WASHINGTON, D.C., U.S. — The National Grain and Feed Association (NGFA) on Aug. 25 submitted a 17-page reply brief to the U.S. Surface Transportation Board (STB) urging that it reject rail carriers' plea that the agency retain the status quo regarding its current procedures for challenging unreasonable freight rates for agricultural products.

Instead, the NGFA urged the STB to proceed by developing a proposed rule containing elements of the new methodology developed by the NGFA that would replace the agency's current onerous and unworkable procedures that effectively preclude captive shippers and receivers from challenging rail rates.

In so doing, the NGFA refuted numerous arguments and assertions made by the Association of American Railroads and several rail carriers in their opening comments in the STB's grain rail rate proceeding.

The NGFA said the railroads' comments "either totally disregard or attempt to obfuscate what the agency's proceeding is all about" - exploring development of a workable process that shippers and receivers of a wide range of agricultural products could use to challenge rail rates they believe are unreasonable in situations where those rail users are captive and where effective competition does not exist - a statutory protection expressly granted by Congress under the Staggers Rail Act of 1980.

"Instead, the railroads would have the STB substitute their (railroads') self-professed altruism and benevolence in rate-setting practices as a complete and total replacement for the statutory protections provided by Congress to captive agricultural rail users against predatory pricing practices," the NGFA said.

The NGFA's brief replying to the railroad parties' opening comments pointed out that the carriers in several respects reinforced NGFA's arguments about why agricultural product shipments differ from most non-agricultural commodities, and deserve a different rate-challenge method. These differences include multiple origin-destination pairs that change frequently and sometimes unpredictably, fluctuating crop yields, changing patterns of farmer and elevator merchandising based on market prices and varying demand shifts in domestic and export markets, fluctuating currency valuations and geopolitical considerations.

But the NGFA took strong exception to the railroads' contention that rail-rate challenges are not being pursued by agricultural shippers because all existing rates are reasonable and market-based.

The rail carriers also attempted to dismiss the need for a workable approach for agricultural rail users to challenge unreasonable rates by citing the last two years of record net farm income, which the NGFA called another diversionary tactic that ignores the underlying issue and the fact that net farm income can be highly variable based upon supply/demand fundamentals and mounting transportation costs associated with pervasive rail-service disruptions.

The NGFA also countered the allegation of Bill Wilson from North Dakota State University, who authored a verified statement included in BNSF Railway's opening comments, that the increased vertical integration in the grain supply chain has resulted in large grain firms that have the size and leverage to prevent any attempt by rail carriers to exercise their rate-setting market power.

"In actuality, railroads, even in competitive transportation environments, typically set rates and price their services at the maximum level they believe the market will bear," the NGFA said. "Further, if larger grain companies have such profound 'leverage' over rail carrier pricing practices... how can (the railroads) explain the millions of dollars in fuel overcharges extracted by a major Class I carrier...?" the NGFA asked - referring to a recent proceeding launched by the STB into whether its current fuel surcharge rules have given railroads an opportunity to recover more than their actual incremental increases in fuel, thereby making fuel surcharges a profit center.

Further, the NGFA contested the assertions from some railroads that any change to the status quo when it comes to the STB's rail rate challenge procedures would undermine, if not destroy, their ability to invest in rail infrastructure.
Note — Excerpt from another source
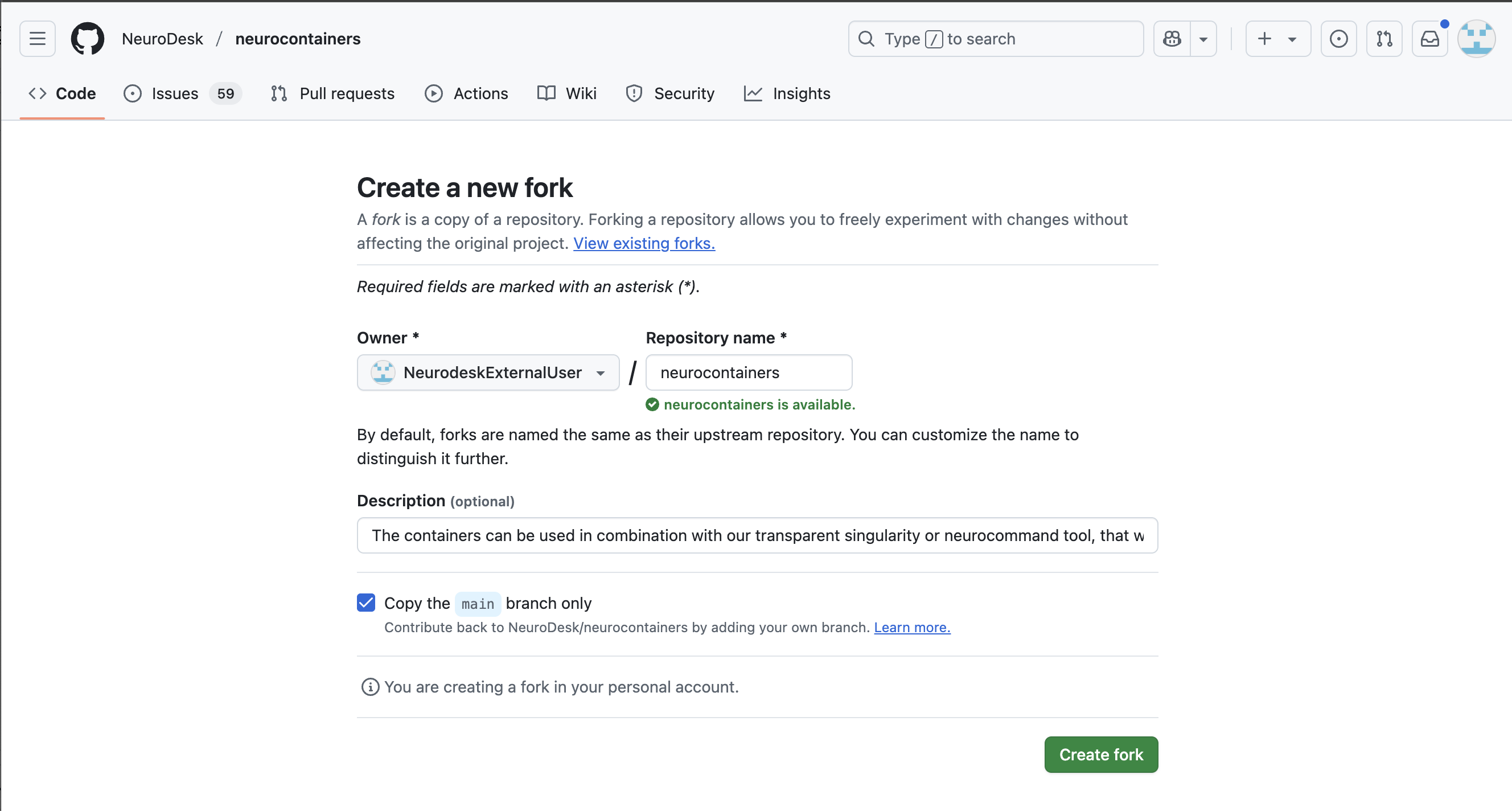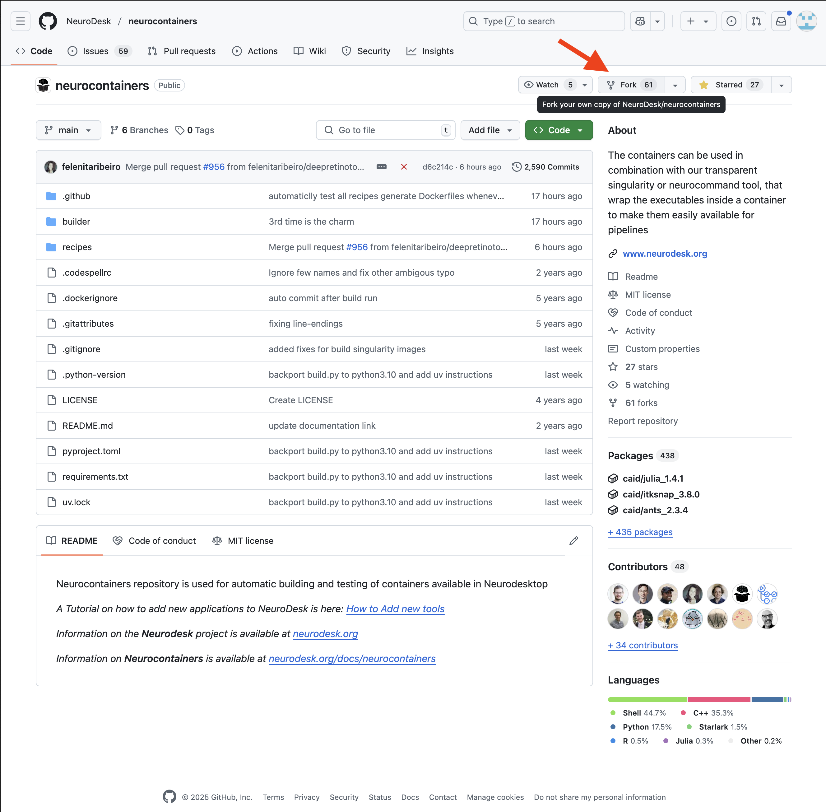 You will then need to fork the Neurodesk repository to your own repositories. This allows you to make changes independently and propose updates.

The NGFA noted that the new method it proposed to the STB for captive agricultural shippers to challenge unreasonable rail rates would not have such a result and would not cause any carrier to become revenue inadequate, even if every possible case was successfully challenged.

"Taken as a whole, it is clear from the railroads' opening comments that the rates they set for agricultural commodities are based on the maximum they think the market will bear, not necessarily at a level to capture costs and a reasonable profit and return on investment," the NGFA concluded. "Where transportation market forces are not operating, as is the case in situations where shippers and receivers are captive to a rail carrier, no such 'discipline' exists and the sole remedy available to captive shippers or receivers is to have access to a workable process to challenge rates they believe are unreasonable."
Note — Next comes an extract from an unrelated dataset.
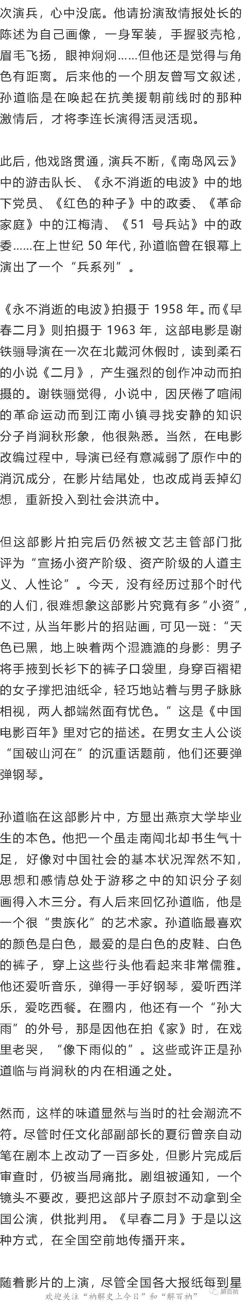《早春二月》中的肖澗秋,那才是孫道臨的招牌形象,不知賺得了多少女性觀眾的眼球。在上世紀60年代,上海電影製片廠的孫道臨與八一電影製片廠的王心剛,並稱中國電影界的兩大當紅英俊小生。

In a related development, 33 national, state and regional producer and agribusiness organizations submitted a joint reply brief  to the STB reiterating and supporting the NGFA's contention that the STB's current procedures for challenging unreasonable rail rates are unworkable, and should be replaced with new rules and procedures.
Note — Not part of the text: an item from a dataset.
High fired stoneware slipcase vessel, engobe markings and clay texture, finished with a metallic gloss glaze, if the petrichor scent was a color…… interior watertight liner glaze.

The groups wrote that the new rail-rate reasonableness methodology proposed by the NGFA "provides the (STB) with a unique opportunity to adopt a set of rules for agricultural rail rates that would be relatively simple to apply, would permit cases to be processed in a timely manner and at a lower cost than the current rules, and would produce relief to captive agricultural shippers while protecting the revenues of defendant railroads."